Ogólnie teraz chcę zrzucić do 90, jak dobrze pójdzie osiągnę do końca wiosny 2021, później nie to że chcę odpuścić ale sobie robić przerwę na lato w redukcji ale bez rzucania się na żarcie, po prostu ustalić sobie 0 kaloryczne, dalej liczyć te kalorie i np. w weekendy się lądować ale bez jakiś szaleństwo.
Wymiary startowe:
24.05.20
pas 120 cm
brzuch 134 cm
klata 120 cm
dupa 130 cm
udo 70 cm
~136kg
Wymiary:
20.06.20
pas 119,5 cm
brzuch 129 cm
klata 120 cm
dupa 126,5 cm
udo 68 cm
132,4kg
Jakieś rady? Uwagi?
Na kolację tak zmniejsz ilość wafli ryżowych i masła, żeby zmieścić serek wiejski za 200kcal.
Co do uwag, to nie wypowiadam się w roli eksperta, bo jak sam wiesz dopiero zrzucam wagę, ale ja np. gotuję pierś kurczaka w przyprawach typu curry, a po ugotowaniu dodaję do innej potrawy, ewentualnie polewam delikatnie jogurtem naturalnym z czerwonym pieprzem i bazylią.
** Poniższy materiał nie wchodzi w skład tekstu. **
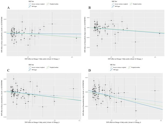 MR-Egger regression and IVW analyses were conducted to assess heterogeneity. Heterogeneity was observed in the MR analyses of omega-3 fatty acids for KOA (MR-Egger: p = 0.009; IVW: p = 0.005) and HOA (MR-Egger: p = 1.498 × 10−6; IVW: p = 2.304 × 10−6) (Table 2). Given the heterogeneity, using random-effects IVW estimation was appropriate in evaluating causality under these circumstances [41]. Nevertheless, the IVW results consistently supported the causal relationship between omega-3 fatty acids and KOA risk (Figure 2). Additionally, the MR-Egger intercept tests indicated no horizontal pleiotropy in any of the analyses, as all p values exceeded 0.05 (Table 2). The scatter plot illustrated the estimated impact of SNPs on omega-3 fatty acids and KOA/HOA (Figure 3A,B). Furthermore, the leave-one-out analysis demonstrated that no outlier instrumental variables significantly influenced the overall results (Figure 4A,B). The funnel plot of the omega-3 fatty acids and KOA/HOA analysis indicated no apparent horizontal pleiotropy, as the variation in effect size around the point estimate was symmetrical (Figure 5A,B).
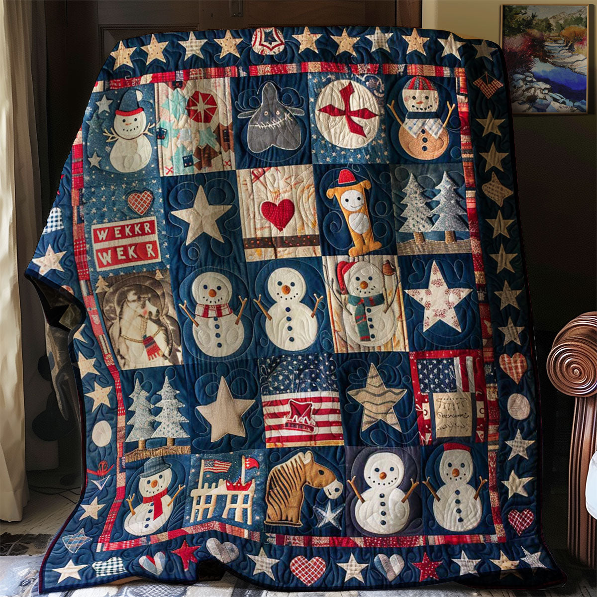 Meticulously quilted blanket carefully constructed with tight, durable stitches, reinforced seams keeping its shape and structure, ensuring it holds up beautifully over time.
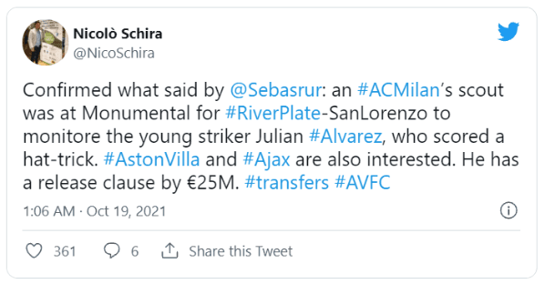 El periodista Nicoló Schira, especialista en mercados de pases, confirmó el seguimiento del club italiano y agregó que hay interés desde otros dos equipos importantes: el Ajax de Nicolás Tagliafico y el Aston Villa de Dibu Martínez y Emi Buendía.

I serio jak zdaje sobie sprawę ze ta panierka to najgłupsza rzecz xD Ale jak mam wytrzymać taki maraton to muszę robić małe kroki. I tak jak napisałem, wiem ze muszę znaleźć alternatywę.
A olej rzepakowy
Ja najczęściej piekę w piekarniku, stosując różne przyprawy czy mieszanki typu harissa lub garam masala. Jeśli robię jakiś sos albo do zup, to wtedy też gotuję. Smażenie - okazjonalnie, dla odmiany.
Sam w sobie nie jest problemem, ale te 180kcal z niego możesz
Jeśli chodzi o kurę w panierce to polecam Ci następujący sposób: kroisz sobie kurę na kawałki jak na nuggetsy, w miseczce mieszasz jajko i jogurt naturalny
Ja 193 cm 115 kg siłownia 3x w tyg basen 4x w tyg i jem 2300 co jest dla mnie taka ilosc kalorii ze bym ani nie tył ani nie chudł gdyby nie aktywność fizyczna.